Ralphie Boy is partially correct. Most shootings ARE committed by US Citizens. The rest of his post is wrong of course.

The FBI stats clearly show that in US cities with a population over 250,000 in specific zip codes within those cities, the vast majority of gun violence does indeed occur. The FBI stats also clearly reveal that young black and "hispanic" males between the age of 15-35 commit those crimes at a rate that is off the charts high compared to the rest of the population.


----------



## Auntie (Oct 4, 2014)

Ralph Rotten said:


> Notice S-Mart shoppers! The last terrorist action in America was committed by a fat white guy who held siege of a Planned Parenthood clinic.
> Before that we had...how many mass shootings...and those were all...wait for it...natives. Citizens. Remember that couple that went berzerker in Vegas? They were ultra-conservative Christians.
> 
> Joe, it is discrimination when the determination is made based entirely on race or religion. Not only that it's not very Christian. _"What thou dost to the least of my children, thou dost to all of my children"_ I fergit, who said that?
> ...


Prosperous? Then why do we have homeless Veterans, why is the VA Hospital underfunded, why are there hungry children, why are they always threatening to cut Social Security (something earned and paid for not a handout) why is the United States in so much debt?
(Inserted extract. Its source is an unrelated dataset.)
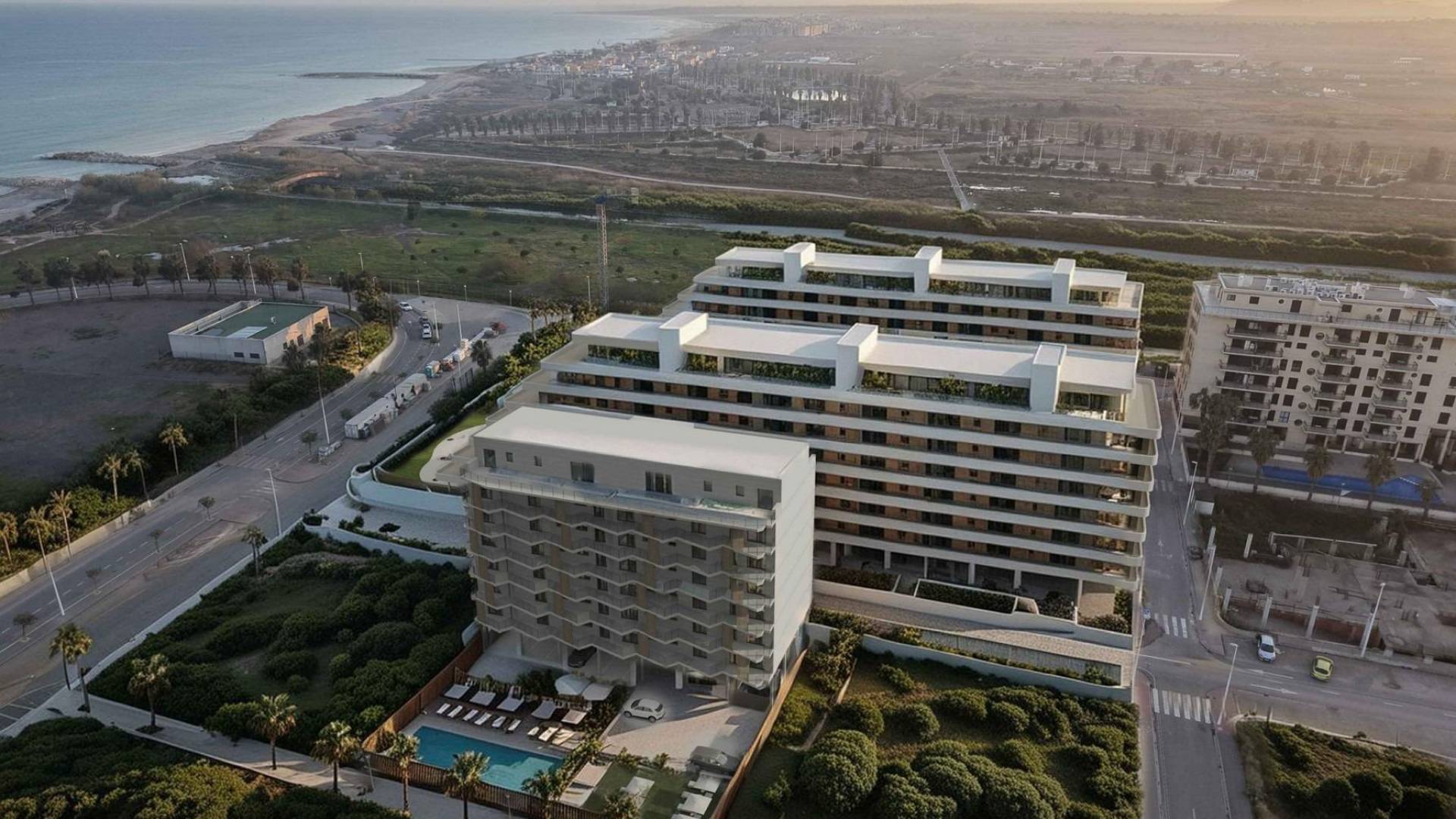 New Build Apartments for Sale in Moncofa 300 Metres from the Beach Prime Coastal Location in Moncofa Castellon Discover a modern residential development just 300 metres from the beach in Moncofa, a charming coastal town on the Costa del Azahar. Known for its relaxed atmosphere, wide sandy beaches and authentic Mediterranean lifestyle, Moncofa offers an ideal setting for both permanent living and holiday escapes. The development is within walking distance of supermarkets, restaurants, cafes and all essential daily services, allowing you to enjoy convenience without sacrificing tranquility. Its strategic location also provides easy access to larger cities such as Castellon and Valencia. Modern Apartments Designed for Comfort and Light This exclusive project consists of 40 new build apartments distributed across a contemporary 7 storey building. Buyers can choose between 2 and 3 bedroom homes with spacious terraces or one of the limited 3 bedroom penthouses featuring large private outdoor spaces. Each property has been thoughtfully designed to maximize natural light, functionality and open living areas. All homes benefit from beautiful sea views, creating a constant connection with the Mediterranean and enhancing the overall living experience. Large windows and well planned layouts ensure bright interiors and a seamless indoor outdoor flow. High Quality Finishes and Fully Equipped Homes The apartments are delivered fully furnished and ready to move in. Kitchens come equipped with appliances, while bathrooms include furniture, mirrors and shower screens. Each property also features fully installed air conditioning and an energy efficient aerothermal system for hot water, ensuring comfort throughout the year. Additionally, every home includes a private parking space and a storage room, adding practicality and value to the property. Exclusive Communal Areas and Lifestyle Residents can enjoy a well designed communal area with a swimming pool and landscaped gardens, perfect for relaxing, socializing and enjoying the Mediterranean climate. The private setting offers a peaceful environment ideal for families, couples or investors seeking a secure and attractive development near the sea. Distances to Key Points of Interest Moncofa Beach: 0.3 km Chilches Beach: 3 km Castellon city center: 30 km Valencia city: 50 km Valencia Airport: 55 km Castellon Airport: 45 km Nearest golf courses: approximately 20 km Port of Castellon: 28 km A Smart Investment or Perfect Coastal Home Whether you are looking for a permanent residence, a holiday home or a strong investment opportunity, these new build apartments in Moncofa offer modern living, sea views and an unbeatable location close to the beach. Contact us today to receive more information or to arrange a visit and secure your new home by the Mediterranean. 489

I have said it before and will say it again, you are acting like a troll.


----------



## jdjones3109 (Oct 28, 2015)

Maine-Marine said:


> There is a major problem when people do not understand the difference between terrorist and a crazy person.


That idiot isn't crazy! He's an A**hole!


----------



## Real Old Man (Aug 17, 2015)

Maine-Marine said:


> There is a major problem when people do not understand the difference between terrorist and a crazy person.


M&M The folks that have committed these heinous acts are for the most part not crazy. Trust me I worked at the state mental hospital for 9 months and the folks inside on criminal insane aren't. They're just as sane as you or I. Evil - yeah. Nasty - yup. Down right bad news you betcha. but they're not crazy in the least.

If we were to treat folks in the past like these folks are being called crazy now Adolph would have been called crazy as would Joe and Pol. but they weren't - they were just evil


----------



## ReignMan (Nov 13, 2015)

Kauboy said:


> They hate me.


They hate everyone who isn't a fellow Muslim. Just the simple truth.


----------



## ReignMan (Nov 13, 2015)

Denton said:


> Again, you are incorrect.
> 
> The last act of violence that caught national misdirection was not an act of terrorism. It was simply a mentally unstable man committing multiple counts of murder.
> 
> ...


Exactly. I've lived and worked in multiple Muslim countries (somewhat of a world traveler). I am telling your from experience, as far as Muslims are concerned, if you are not a fellow Muslim you are a second class citizen at BEST, in most cases not even that. Muslims have zero tolerance for anything beyond their own belief system. It's just fact.


----------



## 8301 (Nov 29, 2014)

Ralph Rotten said:


> Admit it, you just hate Muslims, doncha? I never heard you calling for a halt on Belgian refugees or immigrants, yet that is where all of the Paris attackers got their programming. Turns out the whole place is a nest of Isis. Yet you never called for us to step up the screening process for Belgians.




No, I don't hate Muslims, I just don't trust them not to become radicalized and make some pressure cooker bombs... wait, they already did that in Boston didn't they?


----------



## Urinal Cake (Oct 19, 2013)

Chipper said:


> I surprised it isn't the Twin Cities in MN. They already have a large population and some have been busted as terrorist.
> 
> Love the MN governor telling the herd. MN is going to take more terrorist/refugees and if you don't like it get out of the state. Guess their voting is coming back to haunt them.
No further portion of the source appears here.